I searched for Geminiani on google with talkclassical and was shocked to find there was no thread. Maybe I missed it somehow? I've been listening to his op. 2 Concerti Grossi recently and have been very impressed. I hear a sort of Corellian discipline infused with a melodic facility akin to Vivaldi. I know he wrote quite a few concerti, and not just concerti grossi, so I'm curious to know other's experience of his work. I'm starting to get the impression that Geminiani is truly an unjustly neglected composer with many great qualities.


----------



## clavichorder

This disc gives us excellent performances of two of his op. 7 concerti grossi. The B flat concerto seems to me to have a little of the gallante in it that some of the works of op. 2 don't have, and yet its also a slightly more extensive piece in number of movements and some of the lengths of the movements.
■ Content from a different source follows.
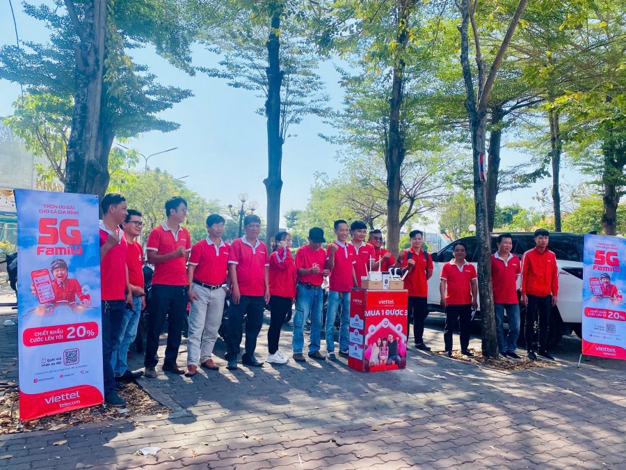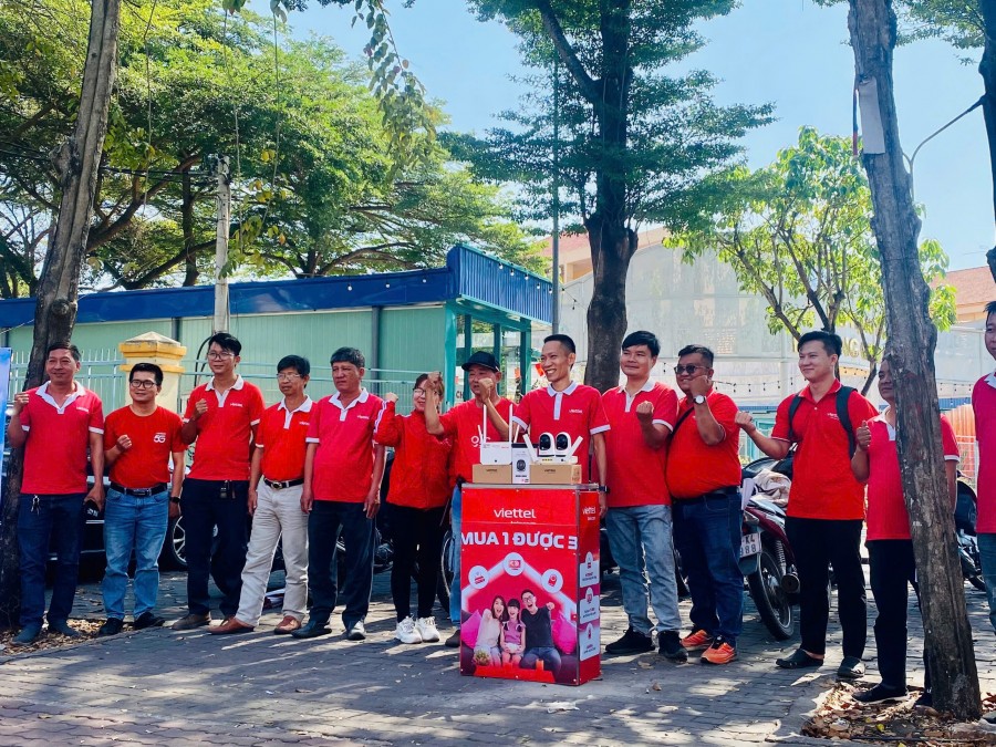 Lực lượng bán hàng trong đồng phục đỏ Viettel trên các đường phố

And this disc is where good period instrument performances can be found of all his op. 2. No. 3 in D minor and no. 2 in C minor are my favorites, the former being very punchy and with an excellent slower movement, the second have a wonderfully contrapuntal and thematically unified 2nd movement, the theme descending chromatically.
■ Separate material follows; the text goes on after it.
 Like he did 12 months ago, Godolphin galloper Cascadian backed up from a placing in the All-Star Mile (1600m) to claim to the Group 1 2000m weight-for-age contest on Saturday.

As far as I know, op 2, and 7 are all entirely original material by Geminiani, whereas some of the other sets are arranged from chamber works of Corelli, who I believe Geminiani studied under.


----------



## GioCar

If you are familiar with Corelli's violin sonatas Op.5, you should listen to his rework into 12 concerti grossi.

I have this old recording with I Musici









For those being HIP fans: stay away. I find it quite enjoyable anyway.


----------



## Jos

^
Seconded, these are fantastic !
I play them often while driving.


----------



## violadude

The only pieces by him that I have in my library at the moment are these op. 5 Cello Sonatas


----------



## joen_cph

Another vote for the various concerti grossi sets. I´ve got opus 2, 3 & 4 in an old recording with Angerer, and op.7 with Scimone. All these sets comprise 6 concerti each. They are considered very inventive for their time too.

I´ve also got the event-like pantomime composition with orchestra, "_La Foret Enchantee_", likewise with Scimone.


----------



## Vaneyes

Re Geminiani CDs, I had I Musici, Manze, and a coupla others at one time. Eventually, I wasn't hearing anything too original and felt Corelli, Albinoni, Vivaldi trumped him...so G-Man got culled (along with Boccherini).:tiphat:


----------